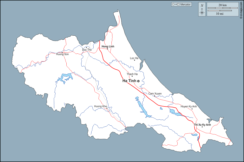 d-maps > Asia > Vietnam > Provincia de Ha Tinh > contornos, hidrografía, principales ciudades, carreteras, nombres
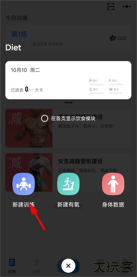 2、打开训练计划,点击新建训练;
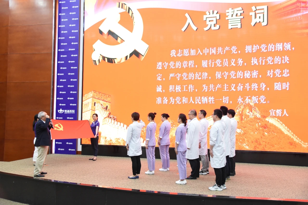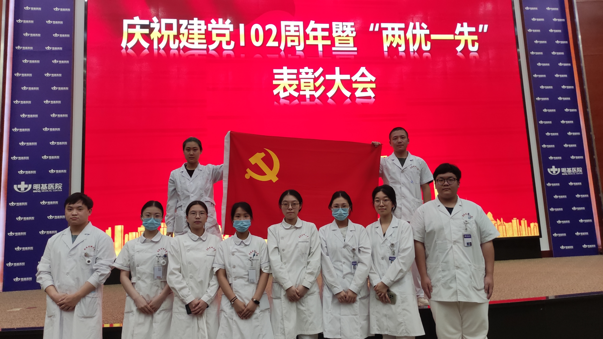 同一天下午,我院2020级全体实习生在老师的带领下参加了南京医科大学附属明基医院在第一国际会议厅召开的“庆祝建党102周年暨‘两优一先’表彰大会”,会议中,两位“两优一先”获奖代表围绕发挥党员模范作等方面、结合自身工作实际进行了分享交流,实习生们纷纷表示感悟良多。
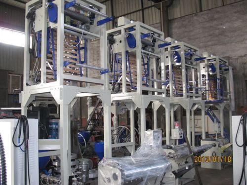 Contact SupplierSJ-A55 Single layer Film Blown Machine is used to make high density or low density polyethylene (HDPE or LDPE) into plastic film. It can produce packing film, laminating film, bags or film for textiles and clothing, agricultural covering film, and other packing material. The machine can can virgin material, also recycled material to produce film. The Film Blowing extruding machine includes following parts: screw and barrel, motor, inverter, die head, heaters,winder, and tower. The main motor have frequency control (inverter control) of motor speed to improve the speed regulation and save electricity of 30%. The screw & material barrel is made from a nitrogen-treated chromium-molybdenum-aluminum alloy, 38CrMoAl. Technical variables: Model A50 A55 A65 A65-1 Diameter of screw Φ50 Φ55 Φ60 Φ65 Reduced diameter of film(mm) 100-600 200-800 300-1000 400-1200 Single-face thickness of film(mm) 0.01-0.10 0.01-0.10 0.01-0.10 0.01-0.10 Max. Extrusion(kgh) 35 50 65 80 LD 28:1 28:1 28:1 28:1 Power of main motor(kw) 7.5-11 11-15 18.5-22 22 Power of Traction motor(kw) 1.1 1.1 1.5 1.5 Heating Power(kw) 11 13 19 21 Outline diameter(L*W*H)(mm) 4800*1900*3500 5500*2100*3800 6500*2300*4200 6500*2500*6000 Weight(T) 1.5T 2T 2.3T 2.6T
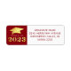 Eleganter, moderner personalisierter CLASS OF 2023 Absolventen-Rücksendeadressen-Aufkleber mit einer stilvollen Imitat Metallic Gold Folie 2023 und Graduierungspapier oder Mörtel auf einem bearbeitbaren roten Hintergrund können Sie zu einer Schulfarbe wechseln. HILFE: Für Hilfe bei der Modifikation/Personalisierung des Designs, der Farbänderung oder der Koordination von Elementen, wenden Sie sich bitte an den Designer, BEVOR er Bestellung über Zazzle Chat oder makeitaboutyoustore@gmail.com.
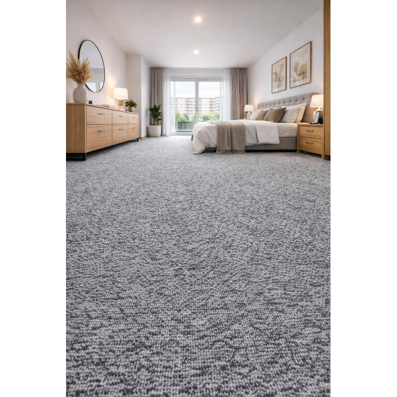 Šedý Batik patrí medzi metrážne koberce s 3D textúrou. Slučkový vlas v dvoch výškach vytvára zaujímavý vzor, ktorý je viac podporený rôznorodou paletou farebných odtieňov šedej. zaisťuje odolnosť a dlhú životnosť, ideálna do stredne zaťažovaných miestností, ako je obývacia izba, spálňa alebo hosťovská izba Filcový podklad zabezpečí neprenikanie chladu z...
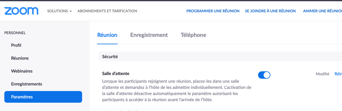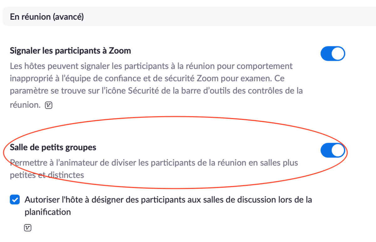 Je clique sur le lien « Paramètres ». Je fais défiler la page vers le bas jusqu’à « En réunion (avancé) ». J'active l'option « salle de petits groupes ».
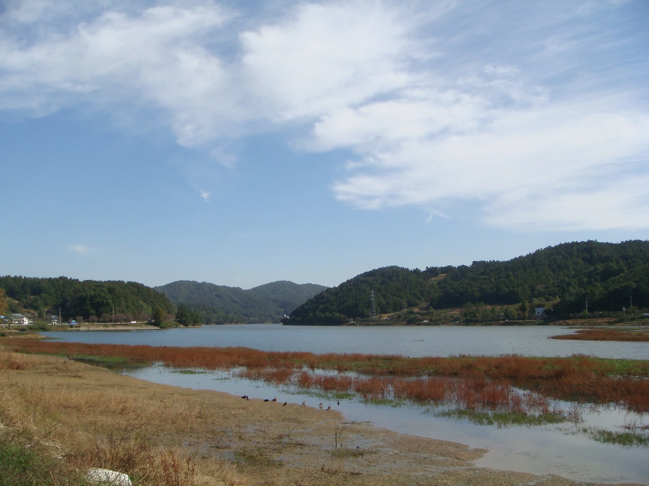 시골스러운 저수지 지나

__________________________________________________

Exercise requirements =
Exclude all images and retype the data precisely.

Exercise response =
 d-maps > Asia > Vietnam > Provincia de Ha Tinh > contornos, hidrografía, principales ciudades, carreteras, nombres
 2、打开训练计划,点击新建训练;
 同一天下午,我院2020级全体实习生在老师的带领下参加了南京医科大学附属明基医院在第一国际会议厅召开的“庆祝建党102周年暨‘两优一先’表彰大会”,会议中,两位“两优一先”获奖代表围绕发挥党员模范作等方面、结合自身工作实际进行了分享交流,实习生们纷纷表示感悟良多。
 Contact SupplierSJ-A55 Single layer Film Blown Machine is used to make high density or low density polyethylene (HDPE or LDPE) into plastic film. It can produce packing film, laminating film, bags or film for textiles and clothing, agricultural covering film, and other packing material. The machine can can virgin material, also recycled material to produce film. The Film Blowing extruding machine includes following parts: screw and barrel, motor, inverter, die head, heaters,winder, and tower. The main motor have frequency control (inverter control) of motor speed to improve the speed regulation and save electricity of 30%. The screw & material barrel is made from a nitrogen-treated chromium-molybdenum-aluminum alloy, 38CrMoAl. Technical variables: Model A50 A55 A65 A65-1 Diameter of screw Φ50 Φ55 Φ60 Φ65 Reduced diameter of film(mm) 100-600 200-800 300-1000 400-1200 Single-face thickness of film(mm) 0.01-0.10 0.01-0.10 0.01-0.10 0.01-0.10 Max. Extrusion(kgh) 35 50 65 80 LD 28:1 28:1 28:1 28:1 Power of main motor(kw) 7.5-11 11-15 18.5-22 22 Power of Traction motor(kw) 1.1 1.1 1.5 1.5 Heating Power(kw) 11 13 19 21 Outline diameter(L*W*H)(mm) 4800*1900*3500 5500*2100*3800 6500*2300*4200 6500*2500*6000 Weight(T) 1.5T 2T 2.3T 2.6T
 Eleganter, moderner personalisierter CLASS OF 2023 Absolventen-Rücksendeadressen-Aufkleber mit einer stilvollen Imitat Metallic Gold Folie 2023 und Graduierungspapier oder Mörtel auf einem bearbeitbaren roten Hintergrund können Sie zu einer Schulfarbe wechseln. HILFE: Für Hilfe bei der Modifikation/Personalisierung des Designs, der Farbänderung oder der Koordination von Elementen, wenden Sie sich bitte an den Designer, BEVOR er Bestellung über Zazzle Chat oder makeitaboutyoustore@gmail.com.
 Šedý Batik patrí medzi metrážne koberce s 3D textúrou. Slučkový vlas v dvoch výškach vytvára zaujímavý vzor, ktorý je viac podporený rôznorodou paletou farebných odtieňov šedej. zaisťuje odolnosť a dlhú životnosť, ideálna do stredne zaťažovaných miestností, ako je obývacia izba, spálňa alebo hosťovská izba Filcový podklad zabezpečí neprenikanie chladu z...
 Je clique sur le lien « Paramètres ». Je fais défiler la page vers le bas jusqu’à « En réunion (avancé) ». J'active l'option « salle de petits groupes ».
 시골스러운 저수지 지나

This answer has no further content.